* What you will do
Give the listing again character for character, but drop the images.

* Input data
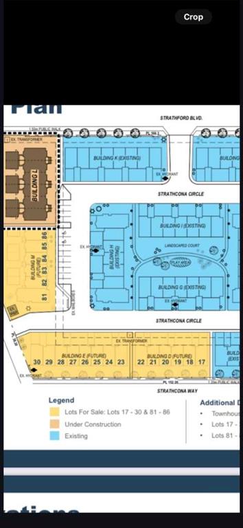 Fully Serviced, 20 Townhouse lots in the middle of already developed residental neighborhood ( yellow shade in the picture),Seller will provide all the floor palns/drawings and permits. Building E (8 Units) Each unit is 1769 Sq. feet,Garage 250 Sq. feet,Total building 14,152 Sq. feet, Lot 115-101 Strathcona Circle, Building D (6 units) 127-117 Strathcona Circle,Each unit is 1769 Sq. feet,Garage 250 Sq. feet,Total building area is 10,776 Sq. feet, Building M (6 Units) 102-413 Strathcona Circle, each unit is 1670 Sq. feet ,Double garage area 432 Sq. feet,413-421 Strathcona Circle,each unit is 1272 Sq. feet ,garage area 273 Sq.feet and Total building area is 8,035 Sq. feet.
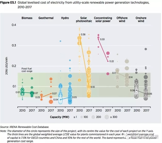 可再生能源署(IRENA)發(fā)布《可再生能源發(fā)電成本報告》,披露全球范圍內(nèi)2017年投運的生物質(zhì)發(fā)電、地熱發(fā)電、水電、陸上風電、海上風電、光熱發(fā)電、大型地面光伏的加權(quán)平準發(fā)電成本(levelised cost of electricity,簡稱LCOE,以2016年美元不變價格計算)。針對每一種技術(shù),LCOE的計算考慮全生命周期內(nèi)的投資、運營成本和收益,包括資本成本(中國和經(jīng)合組織國家為7.5%,其他國家10%)。
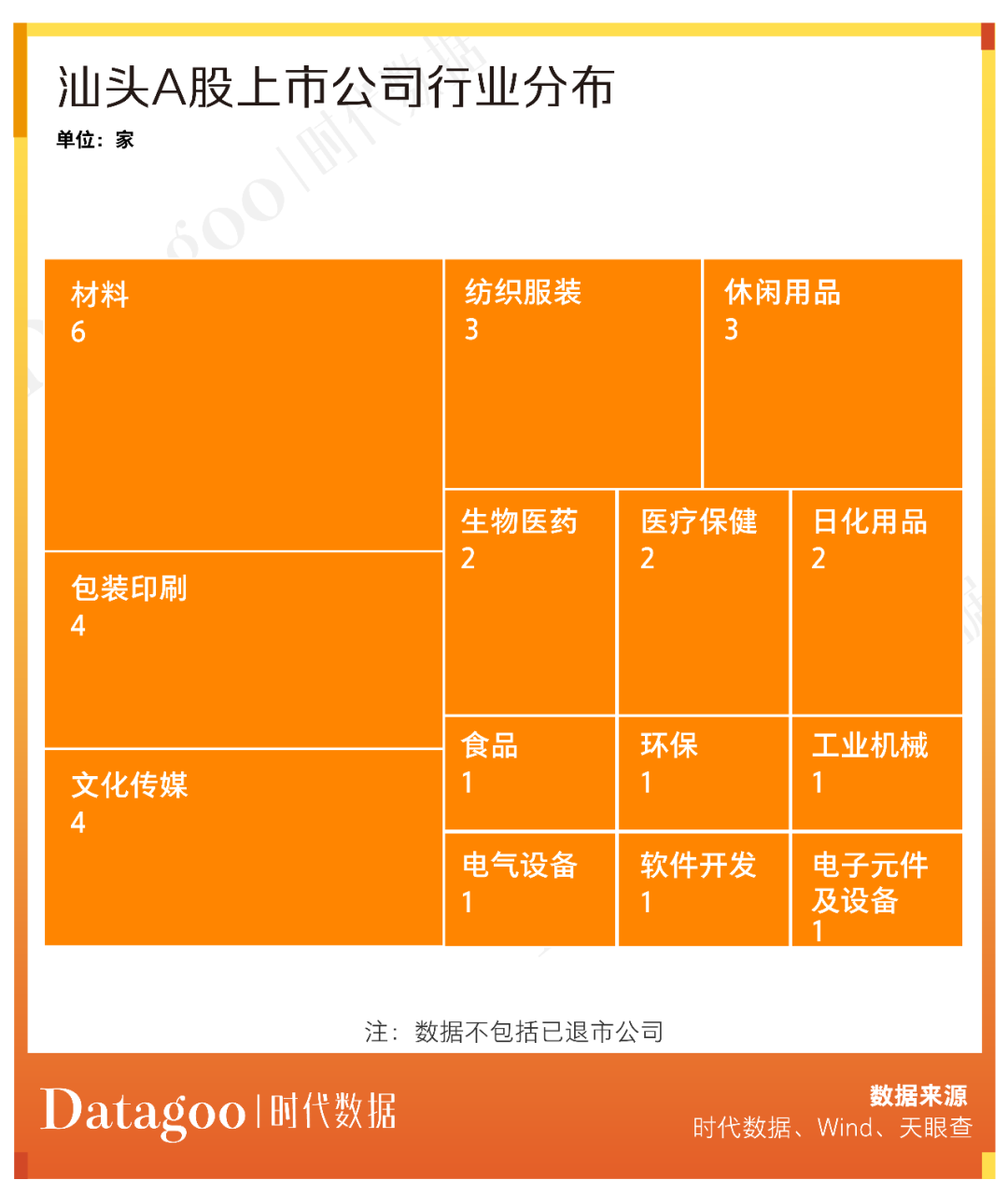 作為最早成立的四個經濟特區之一,汕頭大力發展民營經濟。現民營企業數已佔全市企業總數九成以上,成為推動汕頭經濟發展的主要力量。據時代數據統計,在上市的32家公司中,民營企業就有28家,佔比達到87.5%;此外,還有2家國有企業和2家外資企業。
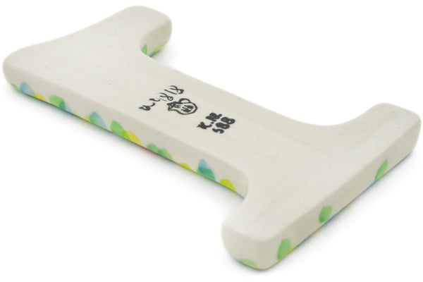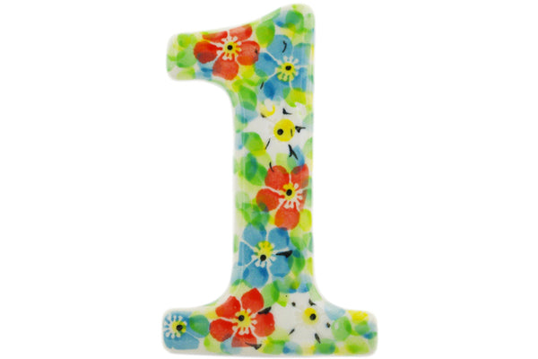This Polish pottery Number is made by Ceramika Artystyczna workshop in Boleslawiec, Poland. Manufacturer item number H8666J. It is ¼" high and measures 4" by 2¼". The weight of this Number is 0.1 lbs. The pattern was designed by artist Teresa Liana. It is part of the Colorful Dizziness Collection.

* Written reply
 Fully Serviced, 20 Townhouse lots in the middle of already developed residental neighborhood ( yellow shade in the picture),Seller will provide all the floor palns/drawings and permits. Building E (8 Units) Each unit is 1769 Sq. feet,Garage 250 Sq. feet,Total building 14,152 Sq. feet, Lot 115-101 Strathcona Circle, Building D (6 units) 127-117 Strathcona Circle,Each unit is 1769 Sq. feet,Garage 250 Sq. feet,Total building area is 10,776 Sq. feet, Building M (6 Units) 102-413 Strathcona Circle, each unit is 1670 Sq. feet ,Double garage area 432 Sq. feet,413-421 Strathcona Circle,each unit is 1272 Sq. feet ,garage area 273 Sq.feet and Total building area is 8,035 Sq. feet.
 可再生能源署(IRENA)發(fā)布《可再生能源發(fā)電成本報告》,披露全球范圍內(nèi)2017年投運的生物質(zhì)發(fā)電、地熱發(fā)電、水電、陸上風電、海上風電、光熱發(fā)電、大型地面光伏的加權(quán)平準發(fā)電成本(levelised cost of electricity,簡稱LCOE,以2016年美元不變價格計算)。針對每一種技術(shù),LCOE的計算考慮全生命周期內(nèi)的投資、運營成本和收益,包括資本成本(中國和經(jīng)合組織國家為7.5%,其他國家10%)。
 作為最早成立的四個經濟特區之一,汕頭大力發展民營經濟。現民營企業數已佔全市企業總數九成以上,成為推動汕頭經濟發展的主要力量。據時代數據統計,在上市的32家公司中,民營企業就有28家,佔比達到87.5%;此外,還有2家國有企業和2家外資企業。
This Polish pottery Number is made by Ceramika Artystyczna workshop in Boleslawiec, Poland. Manufacturer item number H8666J. It is ¼" high and measures 4" by 2¼". The weight of this Number is 0.1 lbs. The pattern was designed by artist Teresa Liana. It is part of the Colorful Dizziness Collection.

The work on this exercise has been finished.